Başkan Adaylarına Tavsiyeler

Salih Sedat Ersöz

                                          

Yerel seçimlere yaklaşık 2 ay kala başkan adayları belirlendi. Yaşadığı şehre hizmet etmek, başkan olabilmek ve şehr-i emin olmak için kamuoyu önüne çıkan adaylara bazı kardeş tavsiyelerimiz olacak. Bilhassa, Konya’da seçim kazanmaya en yakın görünen Ak Parti veya Cumhur İttifakı adayları bu tavsiyelerimize önem verirlerse, kazanan hem kendileri hem de şehrimiz olur. 

Dikkat edilmesi gereken çok önemli bir konu söz vermektir. Adayların, çalışmaları esnasında seçmenlerine veya çevresindeki insanlara, yapabileceği sözleri vermeleri gerekmektedir. Adaylık esnasında ölçüsüz bir şekilde her türlü sözü vererek, hele bu dönemi atlatalım da sonrası kolay anlayışı ile oyları alabilmek uğruna; söz verme, akitleşme ve ahidleşme gibi ulvi değerlerin siyasi menfaat için kullanılmaması gerekir. Yapılamayacak sözler verilmemeli, verilen sözler de başkan olduktan sonra mutlaka yerine getirilmelidir. Yani söz; günü kurtarmaya yönelik değil, yerine getirmek niyeti ve gayesi ile verilmelidir.
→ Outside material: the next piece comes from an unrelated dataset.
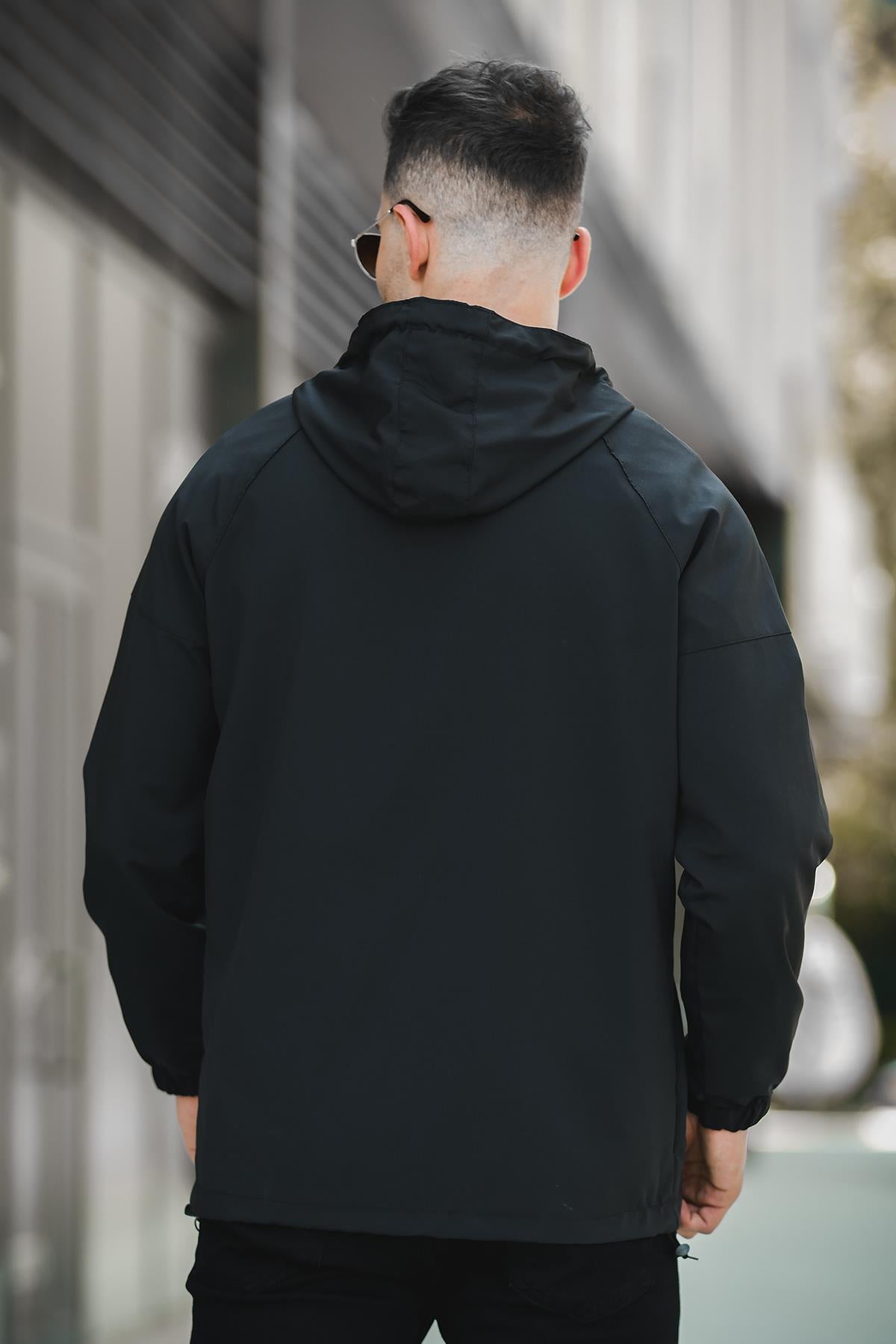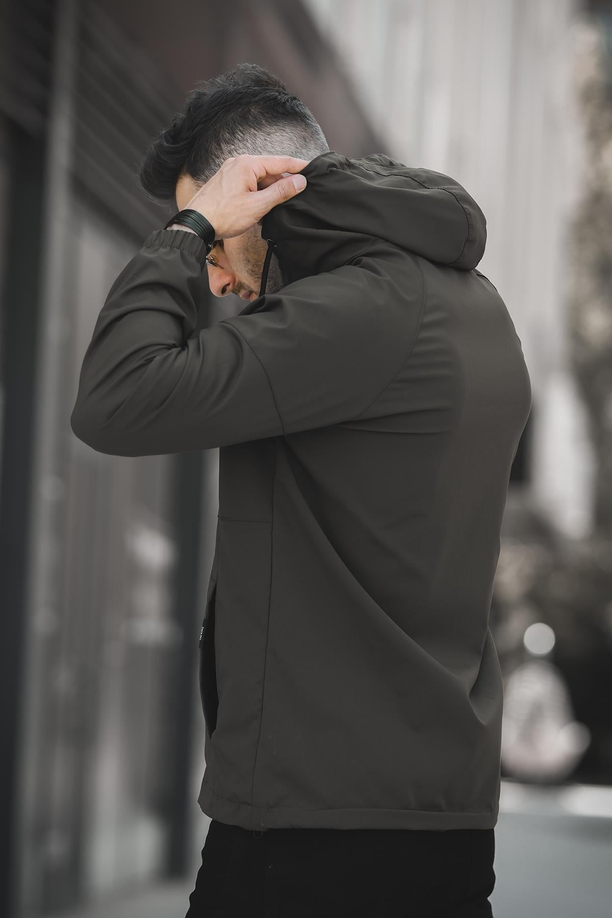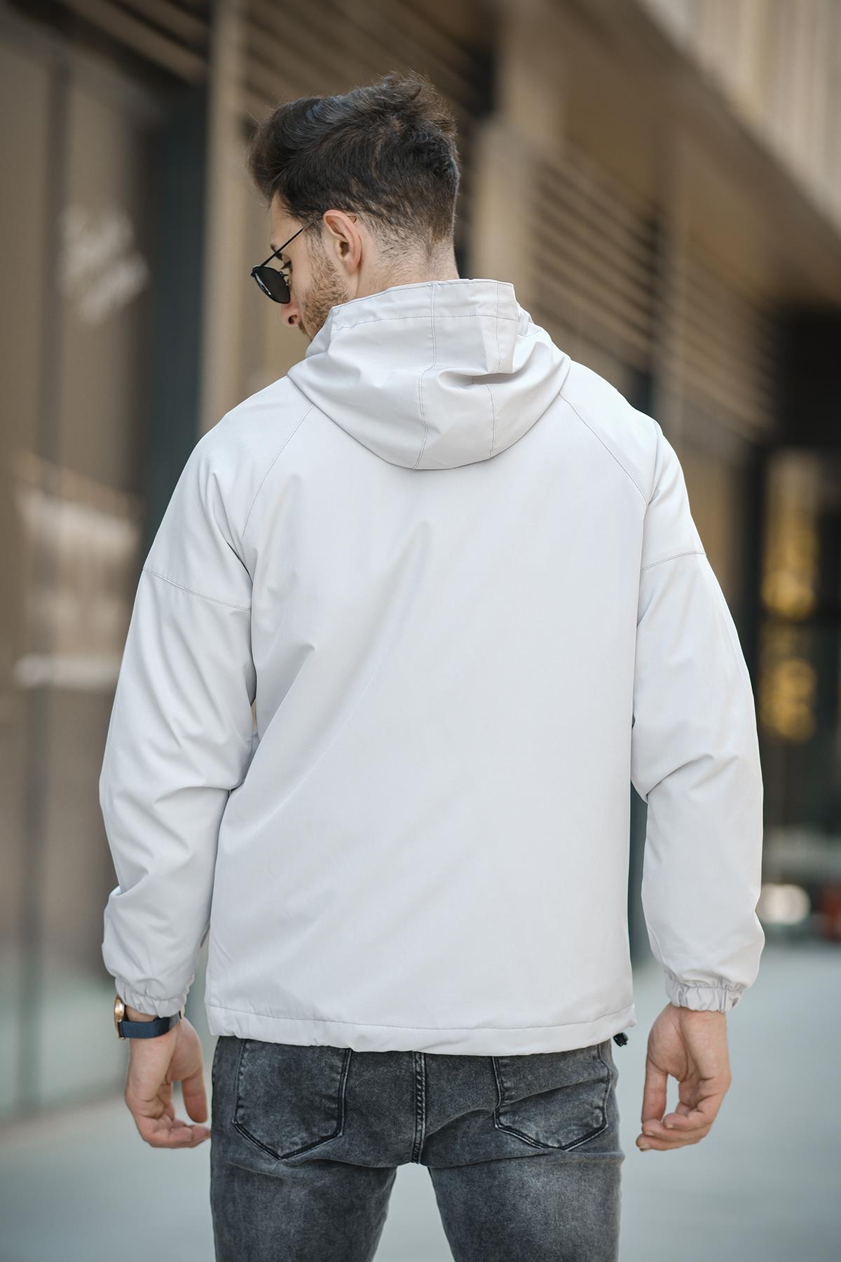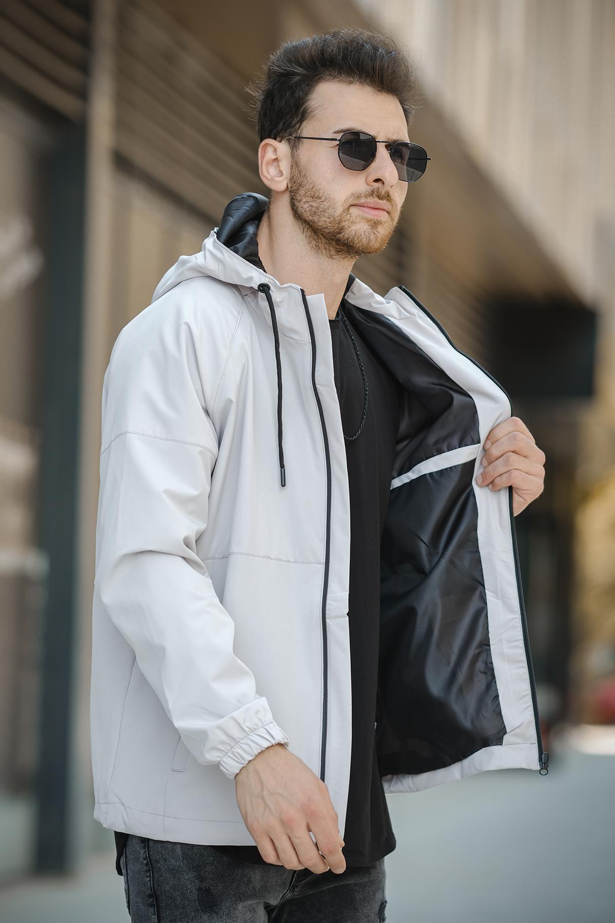 Mmx Baskılı Suya Dayanaklı Slim Fit Erkek Kapüşonlu Mevsimlik Mont Yağmurluk

Adaylık döneminde kendisi için önemli gördüğü, çalışma veya istişare ekibine dâhil ettiği kişilerden, ihtiyacı varken yararlanmak ve onlardan istifade etmek işi bitince de, o insanları bir kenara fırlatmak yani kullanıp atmak niyetini asla taşımamalıdır. Başkan olunca nasıl ve hangi şartlardan geçerek bu makama geldiğini unutmamalı, şükran-ı nimet ve vefa duygusunu hatırından çıkarmamalıdır.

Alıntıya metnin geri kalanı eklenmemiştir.